Discussions this week will focus on how to reduce the impact of NCDs by addressing their main risk factors, by strengthening health systems and improving care for NCDs, and by engaging sectors beyond health to support and participate in efforts to tackle NCDs.
In 2007, CARICOM leaders committed to the Port of Spain Declaration, a series of 27 commitments to guide action against NCDs. In 2012, Caribbean countries joined other PAHO/WHO Member States in endorsing the goal of reducing NCD deaths by 25% by 2025.
Since then, Caribbean governments have been implementing measures addressing NCDs, and premature mortality from NCDs has begun to decline, though not fast enough to be on target to reach the 2025 goal.

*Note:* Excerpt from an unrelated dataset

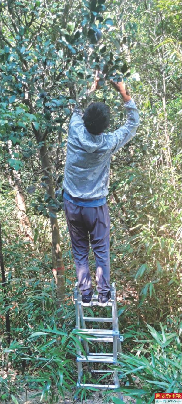中国科学院华南植物园生物多样性与生态安全研究团队在象头山开展博罗红豆枝条高压繁殖实验。
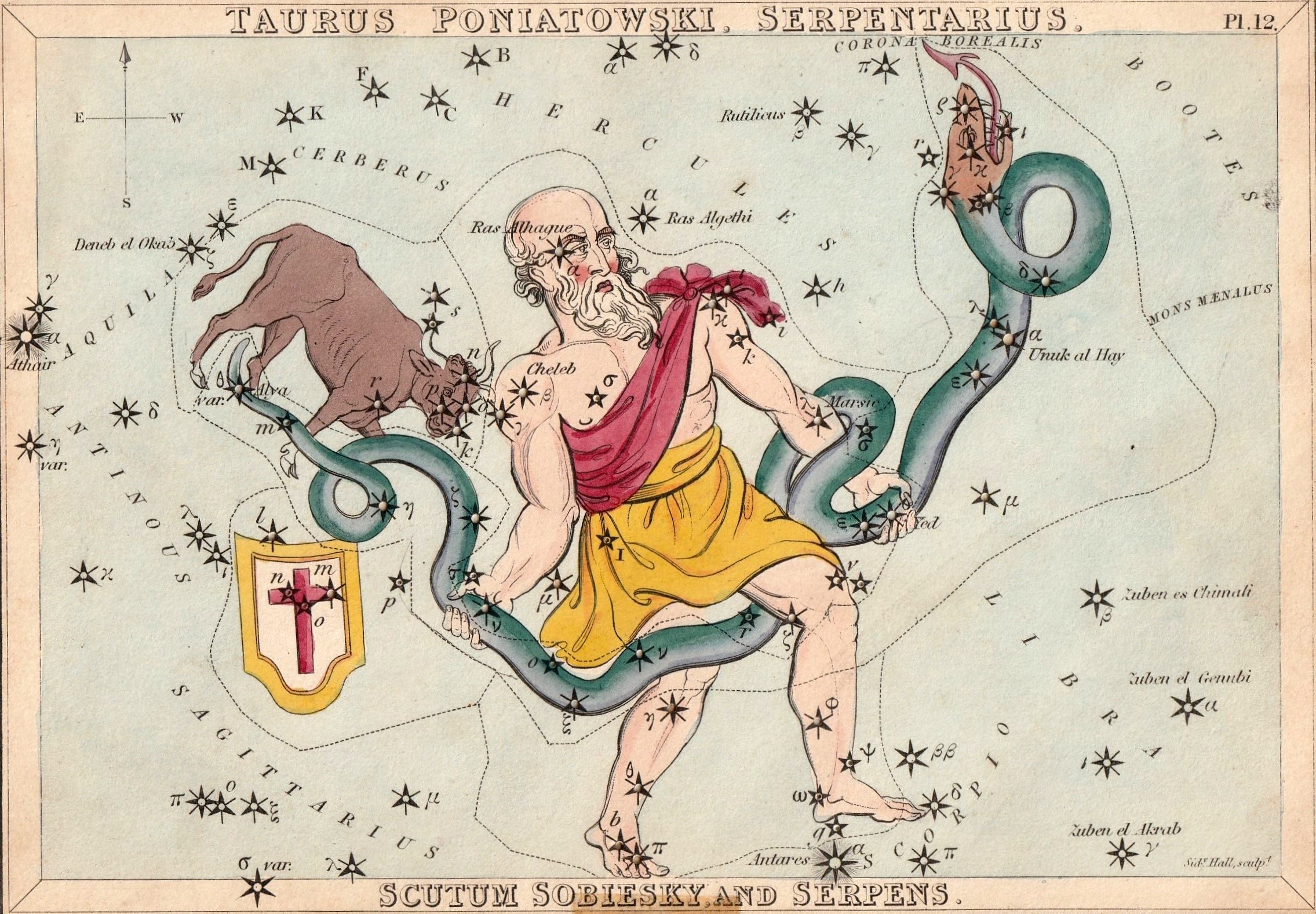 LUSTRO URANII. Plansza nr 12 z Urania’s Mirror (wydawnictwo znane też jako Lustro/Zwierciadło Uranii lub Widok Niebios – zestaw pudełkowy zawierający serię 32 kart przedstawiających mapę nieba i poszczególne gwiazdozbiory, opubl. po raz pierwszy w 1824 r.); ilustr. oparto na atlasie nieba autorstwa A. Jamiesona, ryt. S. Hall; karta przedstawia następujące gwiazdozbiory: Ciołek Poniatowskiego, Wężownik, Tarcza Sobieskiego i Wąż; perforacja umożliwiająca podziwianie układu gwiazd pod światło; stal. kolor., st. bdb., do verso taśmą przymocowana bibuła; wym. arkusza 198x138 mm; TAURUS PONIATOWSKI, SERPENTARIUS, SCUTUM SOBIESKY, AND SERPENS.

“We need to intensify the public policy and health service response if we want to reduce the burden of NCDs and their risk factors on individuals, families and societies and prevent an even greater burden in the future,” said Anselm Hennis, director of PAHO/WHO’s Department of Chronic Diseases and Mental Health. “Current trends clearly show that the Caribbean countries will not achieve the 25% relative reduction in premature mortality due to NCDs by 2025 if we continue the business-as-usual model.”
Reducing risk factors
A large proportion of NCDs can be prevented by tackling the four related principle risk factors: tobacco use, harmful use of alcohol, unhealthy diet, and physical inactivity. Prevention is the key cornerstone of an effective response.
Cost-effective measures, such as stronger regulations, including taxation, are needed to protect the population from these risks. Robust public policies are needed in other sectors such as finance, trade and agriculture.
“Healthier lifestyle choices are not simply a matter of individual choice,” said Hennis. “We really must impact the social, economic, cultural and living conditions through whole-of-government and whole-of-society actions to make the healthy choice the easier choice.”
Among specific areas to be discussed at this week’s meeting are:
· The role of legislation and regulations in modifying unhealthy environments and reducing exposure to tobacco, harmful use of alcohol, unhealthy diet and physical inactivity (the top four NCD risk factors).
· Multisectoral action, with whole-of-government and whole-of-society approaches that place health as an economic asset, required for economic development, and to create supportive environments for health and well-being.
· A comprehensive health-system response to NCDs that includes prevention and affordable access to health care, in the context of universal access and universal health coverage.
· Stronger surveillance and improved monitoring systems to measure countries’ progress in tackling NCDs and risk factors.
· Innovative ways to efficiently and sustainably finance health systems and especially their response to NCDs and related risk factors, given the rising costs of care.
· Strategies for ensuring that NCDs remain a high priority on the Caribbean political agenda.
Caribbean countries have shown considerable leadership on NCDs at the political level. In addition to CARICOM’s 2007 Port of Spain Declaration, Caribbean leaders provided the main impetus for the 2011 United Nations High Level Meeting on Prevention and Control of NCDs.
The Caribbean leaders fully endorsed the PAHO Regional Plan of Action on the Prevention and Control of Noncommunicable Diseases, 2013-2019, which defines the multi-sector policies, health service and surveillance actions needed to achieve the reductions in NCD mortality.